> **Listed records**:
━━━━━━━━━━

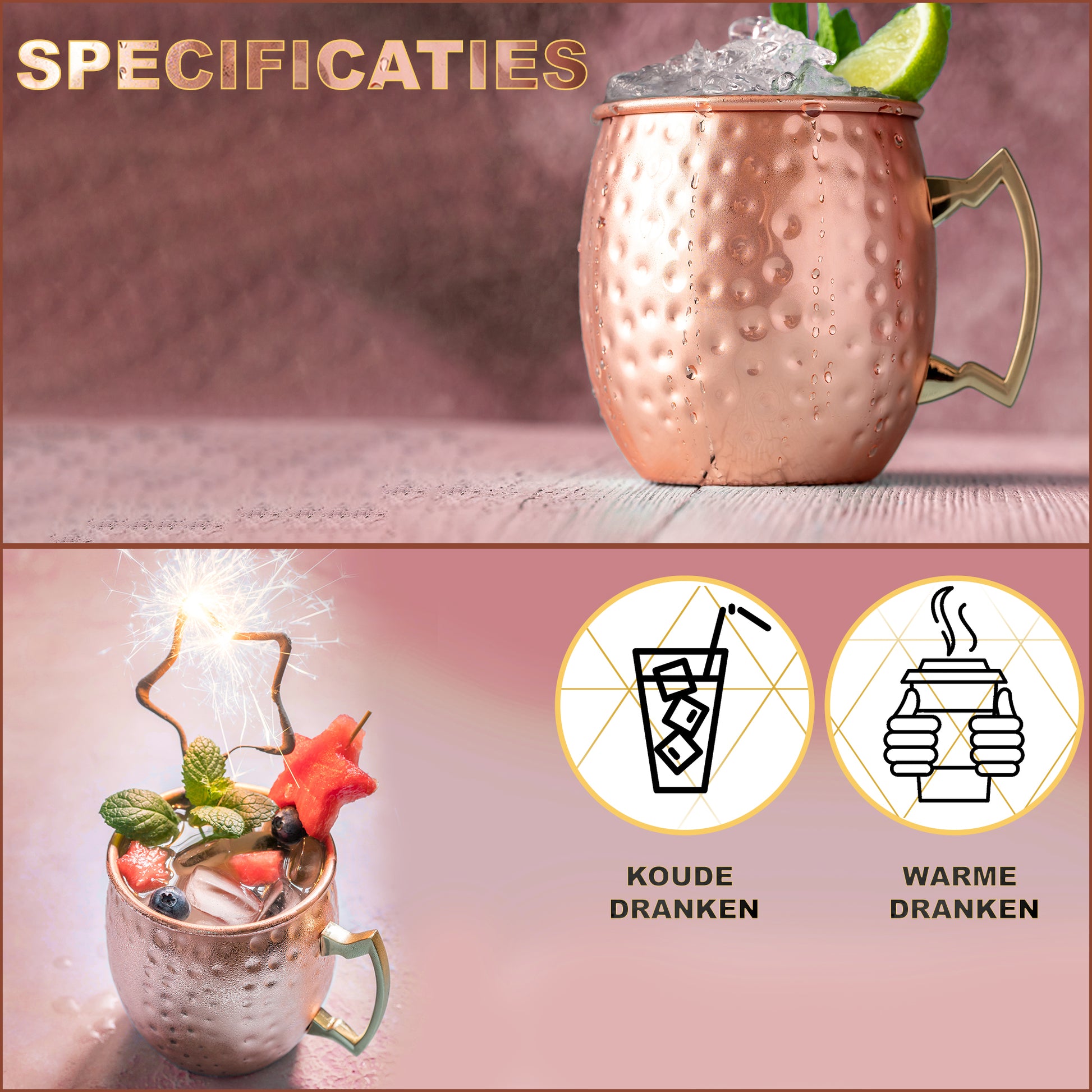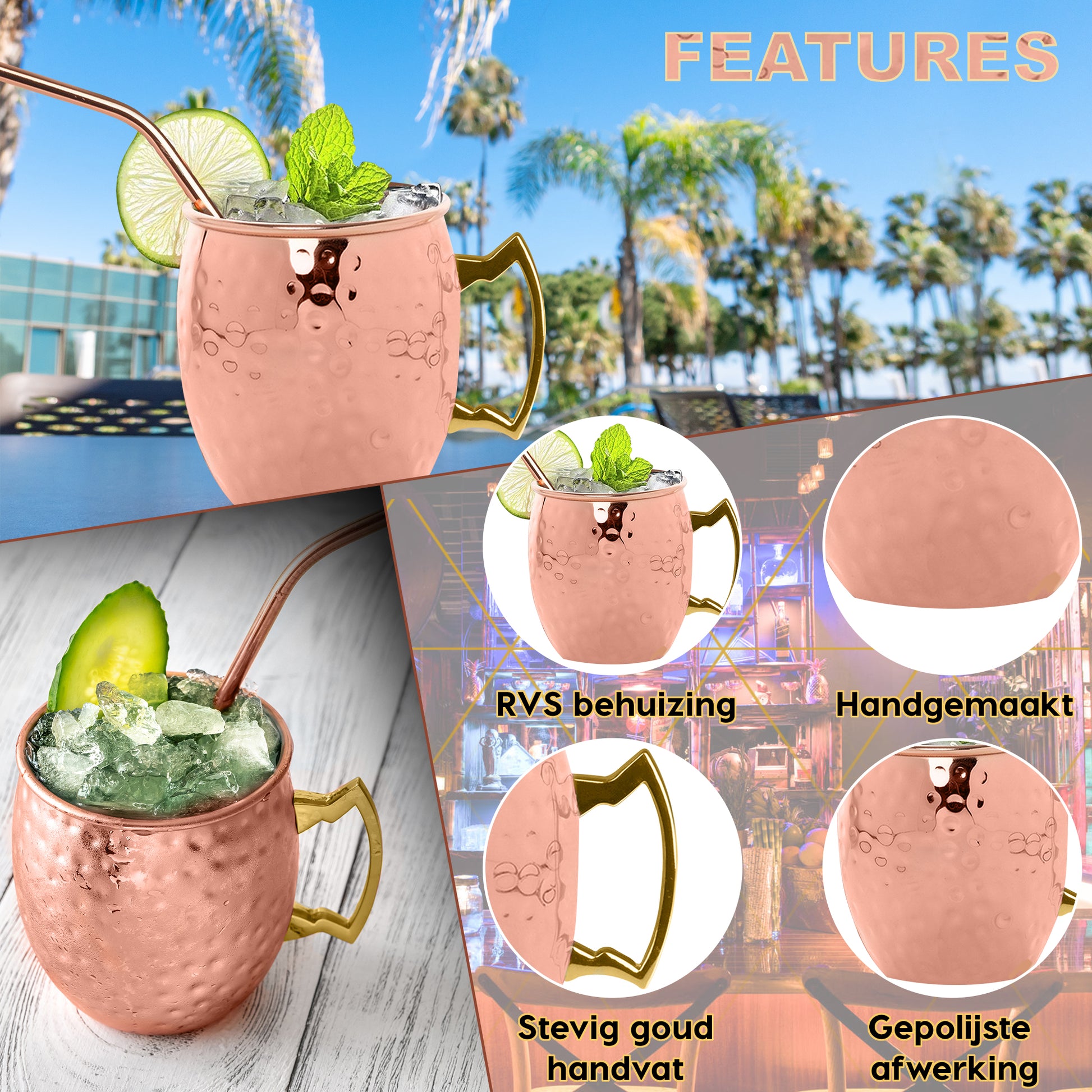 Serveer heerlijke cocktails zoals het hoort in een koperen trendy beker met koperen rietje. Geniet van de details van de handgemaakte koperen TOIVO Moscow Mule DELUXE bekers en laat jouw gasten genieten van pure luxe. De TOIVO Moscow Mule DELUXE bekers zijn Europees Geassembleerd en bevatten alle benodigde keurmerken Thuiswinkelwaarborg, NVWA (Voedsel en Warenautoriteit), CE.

━━━━━━━━━━

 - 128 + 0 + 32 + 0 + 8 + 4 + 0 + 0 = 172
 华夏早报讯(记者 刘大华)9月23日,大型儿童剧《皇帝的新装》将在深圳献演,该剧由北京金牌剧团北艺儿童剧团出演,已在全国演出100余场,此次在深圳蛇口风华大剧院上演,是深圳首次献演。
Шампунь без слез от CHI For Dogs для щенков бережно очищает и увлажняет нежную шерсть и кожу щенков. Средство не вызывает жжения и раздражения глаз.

━━━━━━━━━━

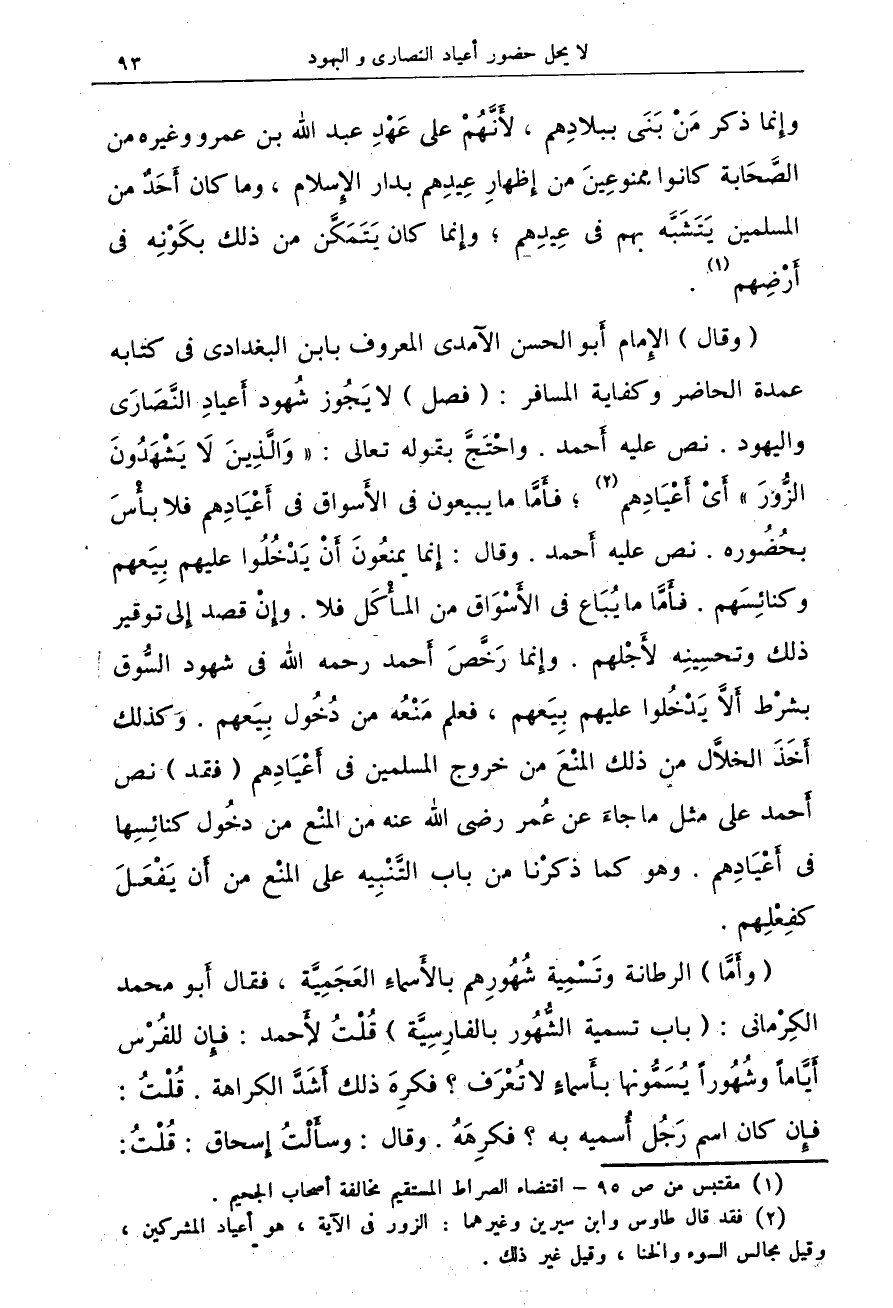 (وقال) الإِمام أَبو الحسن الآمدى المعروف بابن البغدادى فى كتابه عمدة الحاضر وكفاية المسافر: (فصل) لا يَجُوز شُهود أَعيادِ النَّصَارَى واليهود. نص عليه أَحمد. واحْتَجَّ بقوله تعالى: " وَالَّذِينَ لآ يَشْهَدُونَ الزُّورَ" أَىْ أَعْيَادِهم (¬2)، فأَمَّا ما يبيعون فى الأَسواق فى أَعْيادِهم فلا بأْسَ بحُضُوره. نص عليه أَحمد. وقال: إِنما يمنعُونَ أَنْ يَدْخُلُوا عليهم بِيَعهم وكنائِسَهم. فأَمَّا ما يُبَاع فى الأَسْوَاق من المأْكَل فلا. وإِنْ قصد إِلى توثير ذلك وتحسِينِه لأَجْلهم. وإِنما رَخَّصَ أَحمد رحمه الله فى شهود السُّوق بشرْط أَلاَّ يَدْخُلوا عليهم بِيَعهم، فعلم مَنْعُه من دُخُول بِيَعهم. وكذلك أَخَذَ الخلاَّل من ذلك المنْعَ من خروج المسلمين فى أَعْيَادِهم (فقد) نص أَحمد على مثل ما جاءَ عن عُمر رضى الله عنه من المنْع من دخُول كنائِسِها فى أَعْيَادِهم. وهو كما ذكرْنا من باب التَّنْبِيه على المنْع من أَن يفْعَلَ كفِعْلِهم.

━━━━━━━━━━

> **Exercise instructions**: From the line containing "华夏早报讯(记者 刘大华)9" down to the line containing "Шампунь без слез" in the material above, reproduce every line exactly, including the two end lines.

> **Task output**:
 华夏早报讯(记者 刘大华)9月23日,大型儿童剧《皇帝的新装》将在深圳献演,该剧由北京金牌剧团北艺儿童剧团出演,已在全国演出100余场,此次在深圳蛇口风华大剧院上演,是深圳首次献演。
Шампунь без слез от CHI For Dogs для щенков бережно очищает и увлажняет нежную шерсть и кожу щенков. Средство не вызывает жжения и раздражения глаз.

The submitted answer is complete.